La legge non richiede la notifica del ricorso nei confronti dell’autorità che ha emanato l’atto. I controinteressati, entro 60
giorni dalla notificazione del ricorso, possono presentare memorie e documenti al Ministero che istruisce la pratica, nonché
proporre ricorso incidentale. Il ricorrente può prendere visione di tali atti esercitando il diritto di accesso previsto dalla l.
241/90.
L'art 3, l. 205/2000 consente, a richiesta del ricorrente, ove siano allegati danni gravi e irreparabili derivanti dall'esecuzione
dell'atto impugnato, la sospensione del medesimo, attribuendo la competenza al Ministero competente che decide con atto
motivato su parere del consiglio di stato definito dalla legge “conforme e non suscettibile di essere disatteso”.
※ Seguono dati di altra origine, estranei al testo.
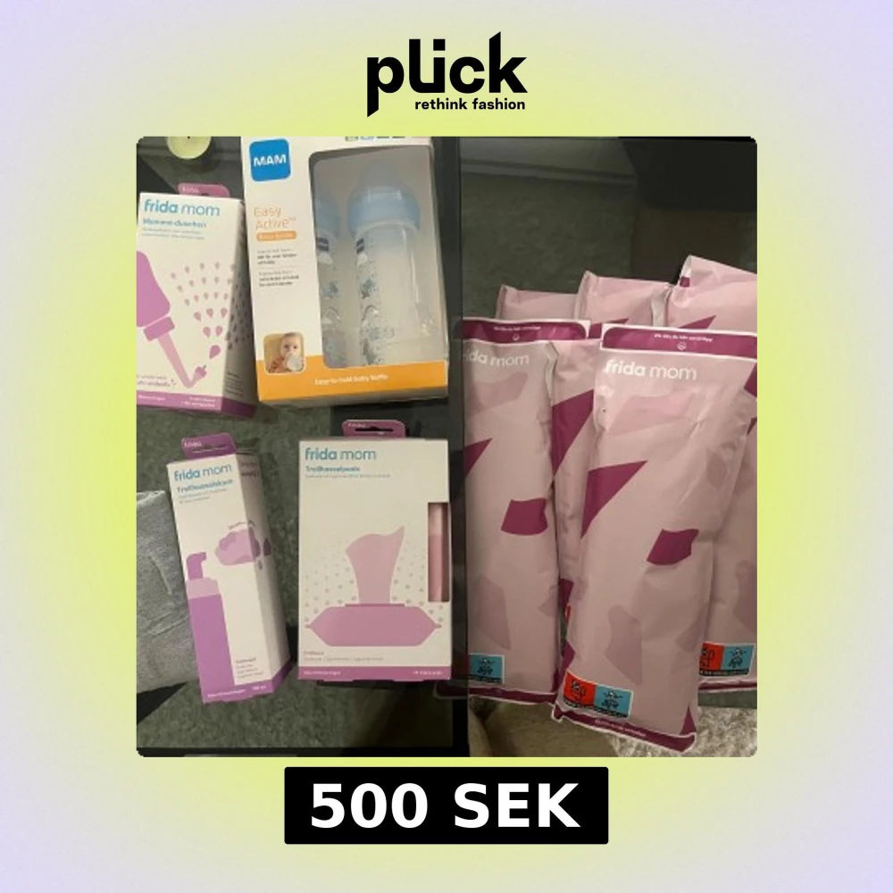Paket med Frida Mom postpartum-produkter (mamma-dusch, trollhasselskum, trollhasselpads, kylpåsar) samt en MAM Easy Active nappflaska. Allt är nytt i förpackning, perfekt för nyblivna mammor och spädbarn. Allting är oanvänt.
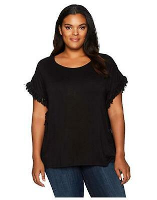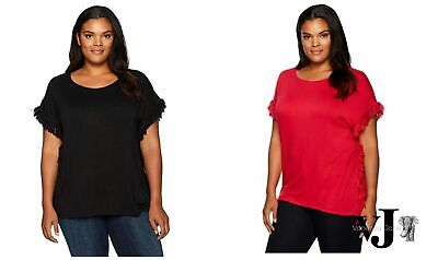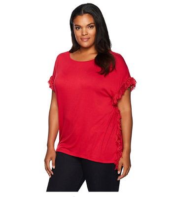 95% Rayon, 5% Spandex Imported Pull On closure Machine Wash Cap sleeves Fringe down sides of tee
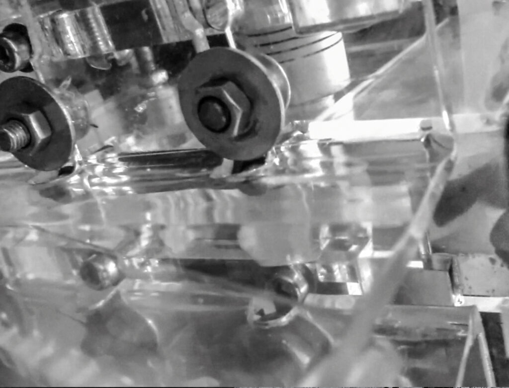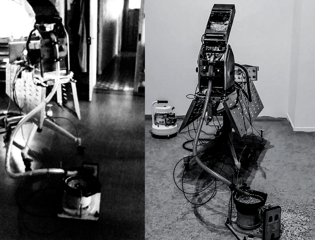 Les dents s’acheminent vers le bol trieur une par une grâce à une roue à aubes. Elles suivent alors le manège mécanisé du monde cybernétique, tournent en spirale, gravissent peu à peu la rampe de sortie du bol, retombent et finissent par être évacuées (par des souffleurs robotiques) en une mort symbolique, sur le sol périphérique de l’installation jonché de dents.
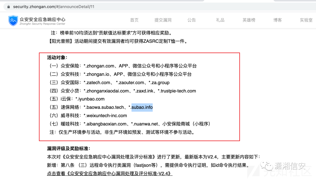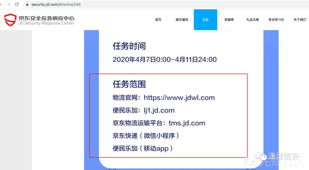 在应急响应官网,往往会有一些活动的公告,在里面可以获取到相应的测试范围。
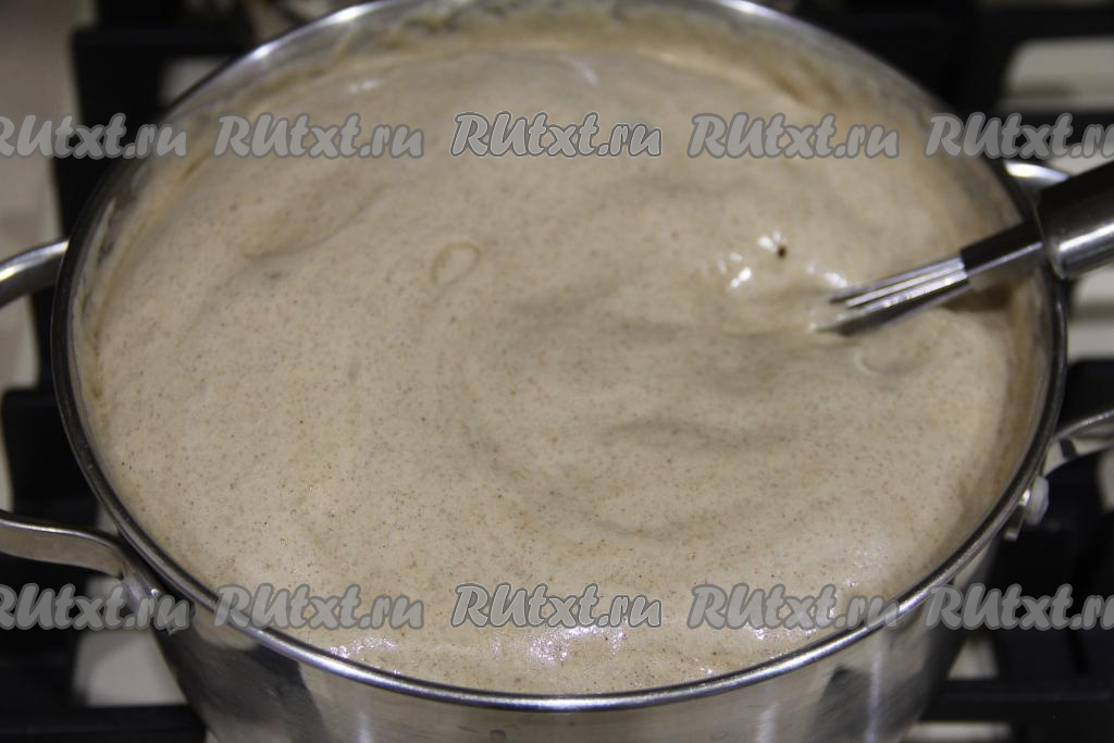 Перемешать массу венчиком и поставить на небольшой огонь. Постоянно помешивая, довести массу до кипения.

Trascorso il termine di 60 giorni, inizia a decorrerne un altro di 120 giorni entro il quale il ministero competente deve
effettuare l’istruttoria e trasmettere il ricorso istruito, insieme con gli atti e i documenti che vi si riferiscono, al Consiglio di
stato per il parere previsto dalla legge. Può accadere che il termine non sia rispettato dal ministro: in questo caso, il ricorrente,
allorché siano trascorsi 120 giorni, può notificare al ministro un atto col quale chiede se il ricorso sia stato trasmesso al
consiglio di stato. In caso di risposta negativa o di mancata risposta entro 30 giorni, egli può depositare direttamente una copia
del ricorso presso il Consiglio di Stato consentendo così che questo organo rende il parere. Conclusa l’istruttoria, il ministero
competente deve trasmettere gli atti e i documenti, unitamente alla propria relazione, al Consiglio di stato affinché emetta il
suo parere, salva la possibilità per il Consiglio di stato di chiedere un supplemento di istruttoria o l’integrazione del
contraddittorio.
Il ricorso straordinario viene deciso con d.p.r., su proposta del ministro competente in base al parere del Consiglio di stato. Il
parere del Consiglio di stato è obbligatorio e non può essere disatteso, sicché il ministero è in sostanza priva di potetà
decisoria, perché la paternità sostanziale della decisione è del Consiglio di Stato. Pure il decreto presidenziale con cui viene
deciso il ricorso, di norma motivato richiamando il parere del Consiglio di stato, si configura come atto che si limita a
esternare la decisione del Consiglio.
La decisione del ricorso straordinario è formalmente un atto amministrativo ed è assoggettabile all’istituto della
disapplicazione da parte dell’autorità giurisdizionale ordinaria ed è impugnabile dinnanzi al giudice amministrativo, ma per
soli vizi di forma e di procedimento propri della decisione.
L’art. 15.1, d.p.r. 1199/1971, prevede inoltre il rimedio della revocazione nei casi previsti ex art. 395 c p.c. Il ricorso, diretto
allo stesso Presidente della Repubblica, deve essere presentato nell’osservanza delle forme previste per il ricorso straordinario.
L’amministrazione è tenuta a dare esecuzione alla decisione: invocandone il carattere non giurisdizionale, si negava
l'esperibilità del ricorso per l'ottemperanza, riconoscendo all'interessato al più la facoltà di mettere in mora l'amministrazione.
Il riconoscimento espressamente operato dalla l. 69/2009 della possibilità che il Consiglio di Stato svolge funzione di giudice
a quo nel processo costituzionale, presupponendo la qualificazione della sua attività come attività giurisdizionale, ha avviato
un mutamento di orientamento anche in ordine al tema dell'ottemperanza che è sfociato nella sent. 2065/2011 favorevole alle
esperibilità del rimedio. Come conseguenza del riconoscimento dell'indole giurisdizionale si è stabilito che il decreto che
decide il ricorso è altresì sottoposto al sindacato della Corte di Cassazione per motivi inerenti alla giurisdizione.